Thanks to Node.js, JavaScript is a great language to use for a web scraper: not only is Node fast, but you’ll likely end up using a lot of the same methods you’re used to from querying the DOM with front-end JavaScript. Node.js has tools for querying both static and dynamic web pages, and it is well-integrated with lots of useful APIs, node modules and more.

In this article, I’ll walk through a powerful way to use JavaScript to build a web scraper. We’ll also explore one of the key concepts useful for writing robust data-fetching code: asynchronous code.

Asynchronous Code

Fetching data is often one of the first times beginners encounter asynchronous code. By default, JavaScript is synchronous, meaning that events are executed line-by-line. Whenever a function is called, the program waits until the function is returned before moving on to the next line of code.

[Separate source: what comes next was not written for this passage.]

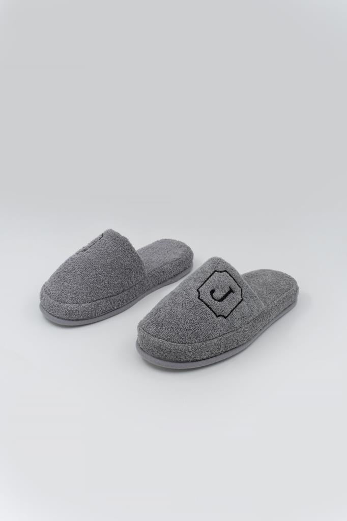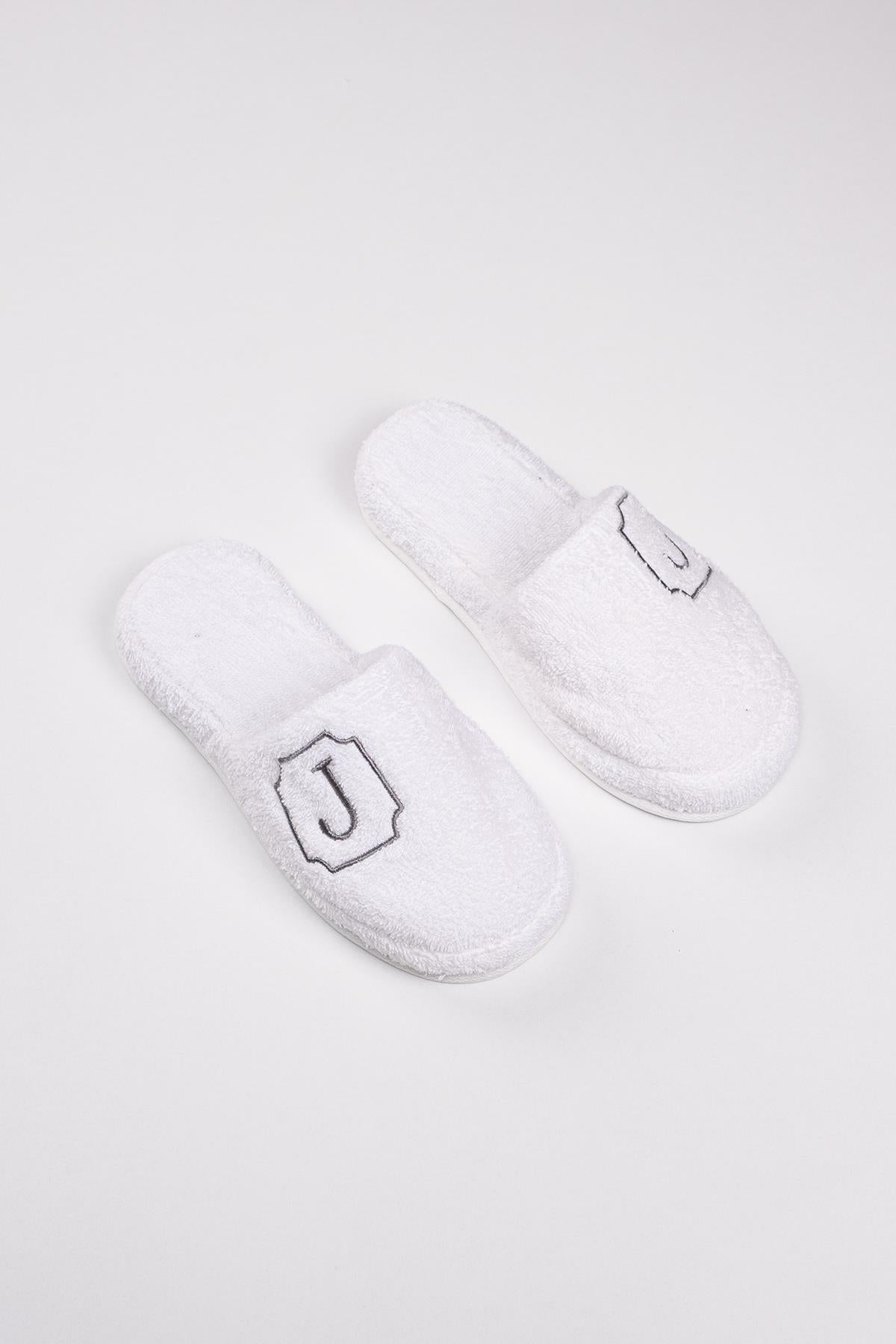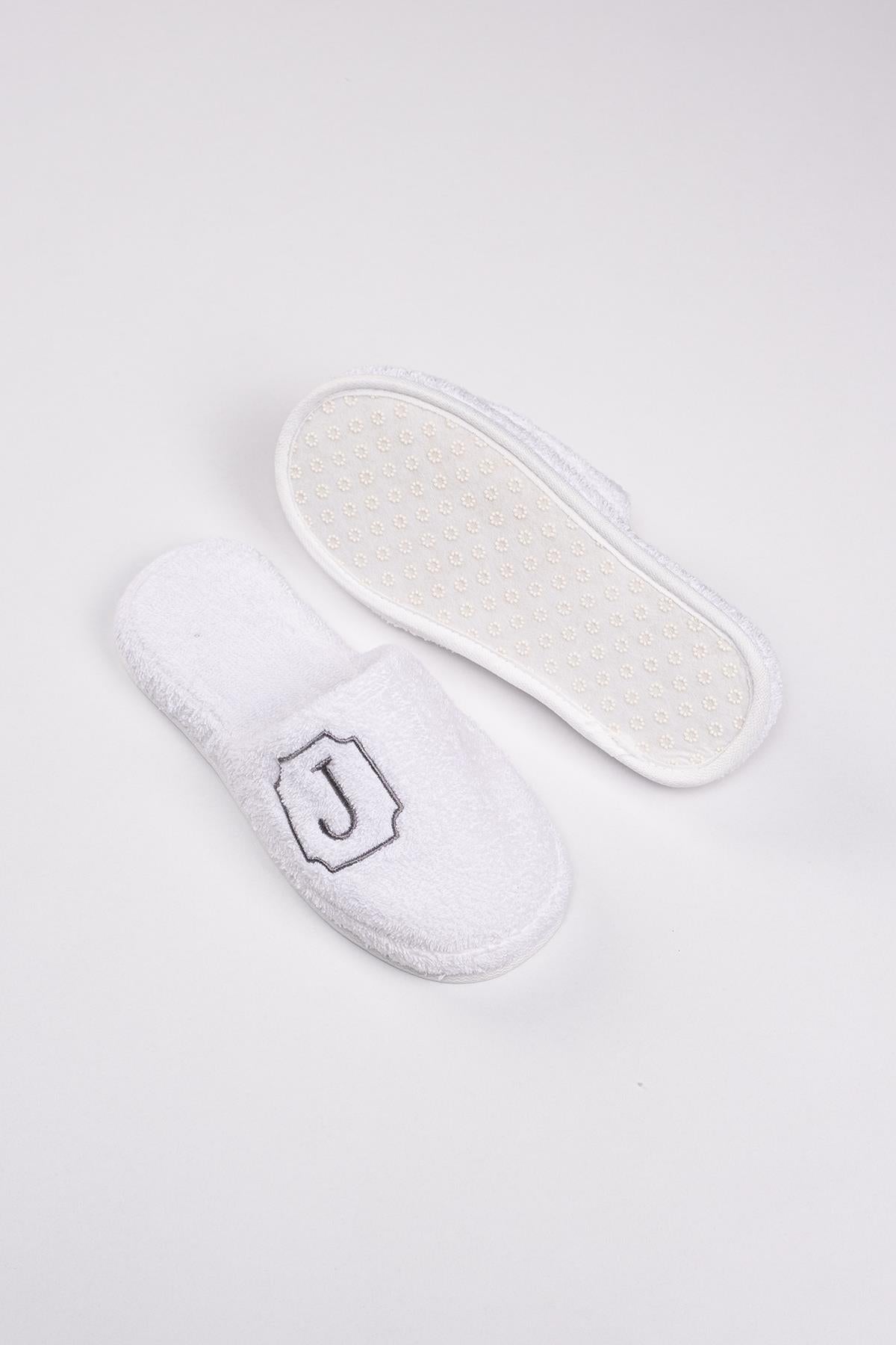 J Harf Nakışlı Banyo Ve Ev Havlu Terliği – %100 Pamuk Kaymaz Kalın Taban

But fetching data generally involves asynchronous code. Such code is removed from the regular stream of synchronous events, allowing the synchronous code to execute while the asynchronous code waits for something to occur: fetching data from a website, for example.

Combining these two types of execution — synchronous and asynchronous — involves some syntax which can be confusing for beginners. We’ll be using the async and await keywords, introduced in ES7. They’re syntactic sugar on top of ES6’s Promise syntax, and this — in turn — is syntactic sugar on top of the previous system of callbacks.

Passed-in Callbacks

In the days of callbacks, we were reliant on placing every asynchronous function within another function, leading to what’s sometimes known as the ‘pyramid of doom’ or ‘callback hell’. The example below is on the simple side!

/* Passed-in Callbacks */
doSomething(function(result) {
doSomethingElse(result, function(newResult) {
doThirdThing(newResult, function(finalResult) {
console.log(finalResult);
}, failureCallback);
}, failureCallback);
}, failureCallback);

Promise, Then and Catch

In ES6, a new syntax was introduced, making it much simpler and easier-to-debug asynchronous code. It is characterised by the Promise object and the then and catch methods:

/* "Vanilla" Promise Syntax */
doSomething()
.then(result => doSomethingElse(result))
.then(newResult => doThirdThing(newResult))
.then(finalResult => {
console.log(finalResult);
})
.catch(failureCallback);

Async and Await

Finally, ES7 brought async and await , two keywords which allow asynchronous code to look much closer to synchronous JavaScript, as in the example below. This most recent development is generally considered the most readable way to do asynchronous tasks in Javascript — and may even boost memory efficiency in comparison to regular Promise syntax.

/* Async/Await Syntax */
(async () => {
  try {
    const result = await doSomething();
    const newResult = await doSomethingElse(result);
    const finalResult = await doThirdThing(newResult);
    console.log(finalResult); 
  } catch(err) {
    console.log(err);
  }
})();

Static Websites

In the past, retrieving data from another domain involved the XMLHttpRequestor XHR object. Nowadays, we can use JavaScript’s Fetch API. The fetch()method. It takes one mandatory argument — the path to the resource you want to fetch (usually a URL) — and returns a Promise .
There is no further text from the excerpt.